—Clyde Russell is a Reuters market analyst. The views expressed are his own.—
By Clyde Russell
LAUNCESTON, Australia, Jan 13 (Reuters) - China’s record crude oil imports in December were an impressive way to end the year, but they were far from enough to outweigh soft growth for 2013 as a whole.
Crude imports were 6.31 million barrels per day (bpd) last month, boosted 10.1 percent over November’s 5.73 million bpd as two large refineries restarted operations after maintenance.
But overall crude imports for last year were 5.64 million bpd, a gain of 4 percent over 2012, well down from the 6.8 percent increase in 2012 from 2011.
The weakness in crude import growth is further underlined by looking at the fall in net imports of refined products.
China’s net crude imports for 2013 were 5.61 million bpd, as the country does export small amounts of oil. That was a gain from 2012 of about 250,000 bpd.
Net product imports dropped to 221,600 bpd last year, a loss of 84,000 bpd from 2012.
The change in net fuel imports was driven almost entirely by higher exports, with outbound product shipments rising to about 570,000 bpd from 2012’s 484,000 bpd, while product imports were largely steady.
Taken together, net crude and fuel imports last year were 5.83 million bpd, up about 160,000 bpd, or 2.8 percent, from 2012’s 5.67 million bpd.
This figure is a truer reflection of the overall state of Chinese import demand.
Put another way, while crude oil imports were about 230,000 bpd higher in 2013, exports of refined products rose about 86,000 bpd.
This means the increase in crude imports to meet rising domestic demand or for stockpiling was weaker than it may appear at first glance.
This in turn suggests the Chinese economy is using fuel more efficiently, as economic growth is likely to be around 7.6 percent for year to end-December, down only slightly from 7.9 percent in the previous year.
It’s also interesting to look at the breakdown of the trade in refined products.
Full-year figures are likely to be published next week, but in the 11 months to end-November, China’s exports of light diesel were about 55,200 bpd, up from the 32,500 bpd over the same period in 2012.
The real difference, though, was in diesel imports, which fell to about 10,200 bpd in the first 11 months of 2013 from about 30,500 bpd for the same period in 2012.
On a net basis, China exported about 45,000 bpd of diesel on the year to November, against net exports in 2012 of a tiny 2,000 bpd.
China imports virtually no gasoline, but exports surged to 109,000 bpd in the first 11 months of 2013 from about 57,000 bpd in the same period in 2012.
The big import item is fuel oil, which is used as a feedstock by smaller, private refiners. The significant thing to note here is that for the first 11 months imports were largely steady, with 2013 recording 443,000 bpd, down fractionally from 454,000 bpd for the same period in 2012.

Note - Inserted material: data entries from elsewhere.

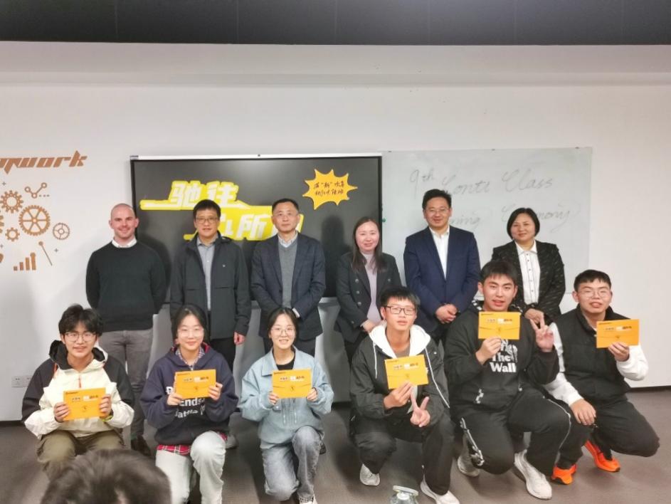 随后在场的各位领导共同向2024级大陆班同学代表颁发了特制的大陆班录取通知书。Alexis表示:“大陆班每一阶段的安排清晰明确,在学校学习理论,在工厂进行实际操作,理论、实践互相验证” ,并表示“这个由三方共同合作的优秀的合作项目会越来越好,最后祝福了大陆班同学,要全力拼搏,努力学习,好好成长。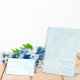 Wedding collection with fluffy clouds against a clear blue sky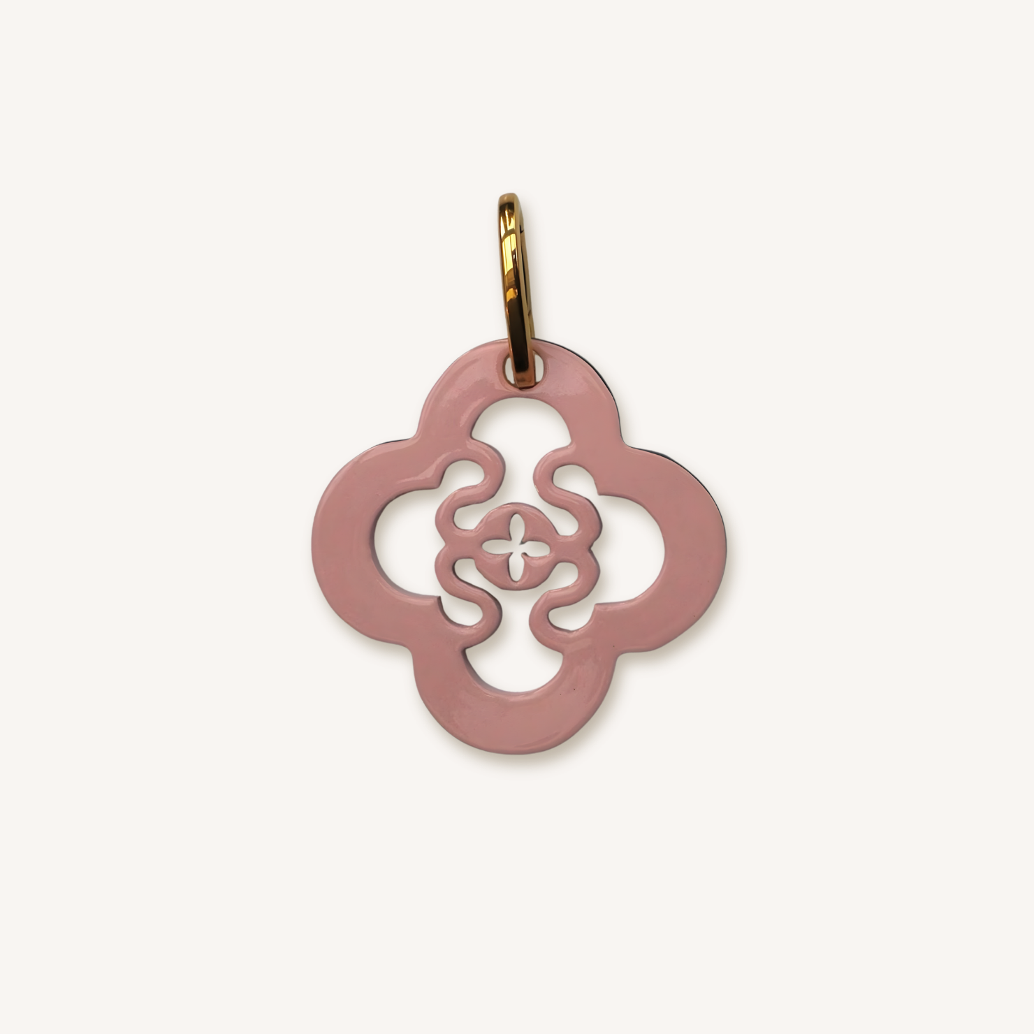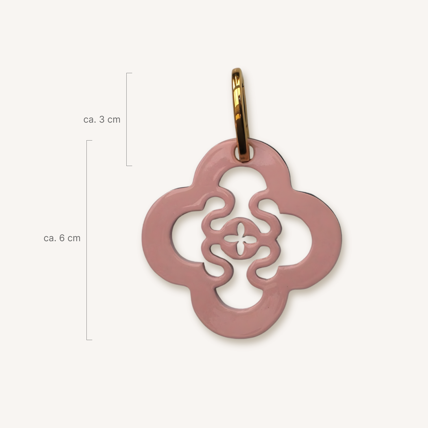59,00 €Stilvoller Anhänger aus Horn mit einem vergoldeten Karabiner in graphischer Blütenform. Gefertigt aus Horn mit lackierter Oberfläche in warmen pudrigen Rosaton und beidseitig tragbar. Die Rückseite ist in Naturhorn Braun-Grau. Leicht, auffällig und ideal für Kette oder Tasche – ein elegantes Accessoire mit besonderem Design.

This trend is likely to continue with more Chinese refining capacity coming onstream in 2014 and a gradual shift toward allowing private refiners to import crude rather than fuel oil.

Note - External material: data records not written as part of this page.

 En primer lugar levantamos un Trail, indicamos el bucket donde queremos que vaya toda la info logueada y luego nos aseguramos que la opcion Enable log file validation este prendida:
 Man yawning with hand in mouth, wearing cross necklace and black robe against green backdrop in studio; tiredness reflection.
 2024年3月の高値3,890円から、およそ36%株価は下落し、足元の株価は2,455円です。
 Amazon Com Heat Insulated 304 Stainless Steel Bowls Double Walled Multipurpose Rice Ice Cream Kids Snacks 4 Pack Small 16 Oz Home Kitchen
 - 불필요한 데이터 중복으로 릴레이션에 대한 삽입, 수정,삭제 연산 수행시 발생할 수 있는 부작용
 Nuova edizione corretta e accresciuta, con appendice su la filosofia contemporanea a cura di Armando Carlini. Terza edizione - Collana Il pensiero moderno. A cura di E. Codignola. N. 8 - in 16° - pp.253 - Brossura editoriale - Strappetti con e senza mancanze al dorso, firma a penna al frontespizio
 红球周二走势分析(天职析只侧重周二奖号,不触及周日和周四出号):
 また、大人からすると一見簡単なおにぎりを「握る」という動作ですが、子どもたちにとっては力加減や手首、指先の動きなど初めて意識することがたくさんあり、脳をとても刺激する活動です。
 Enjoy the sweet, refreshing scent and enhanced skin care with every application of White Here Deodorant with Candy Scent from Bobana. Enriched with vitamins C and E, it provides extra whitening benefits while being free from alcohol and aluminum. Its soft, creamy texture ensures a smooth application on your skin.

Two major new refineries, PetroChina Co Ltd’s Sichuan and Sinochem Corp’s Quanzhou, with a combined capacity of 440,000 bpd, are also currently starting up and should be fully operational in the first quarter of this year.
This means crude imports are likely to be higher in 2014, but again the key factor to watch will be product exports.
Higher product exports should put pressure on Asian refining margins, only it’s far from certain that the extra refining capacity will end up as product exports, as government permits are still required.